An end-to-end machine learning pipeline for fine-grained housing price prediction in France, from raw data preprocessing to production deployment.
📖 Full documentation: aiml4os.github.io/funathon-project1
This project walks through the complete lifecycle of a machine learning application applied to real estate tabular data. Using synthetic data reproducing the French DVF+ (Demandes de Valeurs Foncières) and land registry dataset, the goal is to build a model that predicts housing prices at a fine geographic level, and then deploy it as a production-ready API.

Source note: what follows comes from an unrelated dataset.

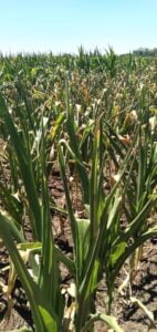 Para el maíz ese período crítico es alrededor de la floración. Cuando la humedad disponible es insuficiente, se resiente la cantidad de granos formados y esto es irreversible. Pero este año el problema fue anterior, ya que la sequía lo afectó en la etapa previa, perdiéndose área foliar, es decir, las hojas se secaron por el déficit hídrico.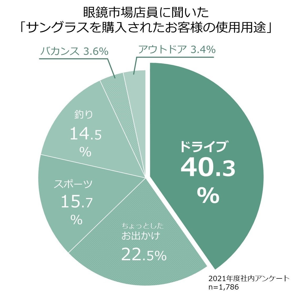 2021年に行った社内アンケートの結果、サングラスを購入されたお客さまのうち約4割が「運転用」を目的に購入していることが判明しました。アンケート結果を受け、「お客さまの生活に寄り添った快適なサングラスを開発する」といった思いから、運転時におすすめのサングラスを開発。

The project is structured as a progressive, hands-on tutorial organized in five parts:
- Data description — understanding the input variables
- Pre-processing — cleaning and preparing the dataset
- ML model training — training and comparing gradient boosting models
- Model logging — loggingt.
- Model deployment — API deployment.
.
├── starting_point/ # Notebooks with exercises (to be completed)
├── intermediate_solutions/ # Step-by-step partial solutions
├── solution/ # Full reference solutions
├── 1-preprocessing.qmd # Part 1: Data preprocessing
├── 2-GB_model.qmd # Part 2: Gradient Boosting model
├── 2-RF_model.qmd # Part 2: Random Forest model
├── 3-metrics.qmd # Part 3: Model evaluation
├── 4-logging.qmd # Part 4: MLFlow experiment tracking
├── 5-deployment.qmd # Part 5: FastAPI deployment
├── pyproject.toml # Python dependencies (managed with uv)
└── _quarto.yaml # Quarto site configuration
The dataset is based on synthetic data mimicking the DVF+ (French land registry transactions) and land registry. Each row represents a single real estate sale and contains ~47 variables describing the property, the transaction, and its geographic location.
Key variables include:
| Variable | Description |
|---|---|
price |
Transaction value (target) |
farea |
Floor area (m²) |
prop_type |
Property type (1 = house, 2 = flat) |
prop_loc_citycode |
Municipality code |
prop_loc_x, prop_loc_y |
Geographic coordinates |
n_mrooms |
Number of main rooms |
n_slr |
Number of bedrooms |
prop_year_harm |
Year of construction |
trans_year |
Year of transaction |
dist_tosea |
Distance to the coastline |
n_garage, n_pool, n_terrace, ... |
Outbuildings and amenities |
See the full variable dictionary in the dedicated page.
Tools: pandas
This step covers:
- Handling missing values and outliers (e.g. filtering extreme
price_per_sqmvalues) - Selecting a relevant feature subset from the 47 available variables
- Computing derived features such as
price_per_sqm - Exploratory data analysis with
seaborn.pairplotandpandas.DataFrame.hist
Tools: scikit-learn
Reference: INSEE working document on bagging and boosting methods, crospint
Goals:
- Split data into training and test sets
- Train and compare three models:
GradientBoostingRegressor,HistGradientBoostingRegressor,RandomForestRegressor - Explore location encoding strategies (One-Hot Encoding, native categorical support)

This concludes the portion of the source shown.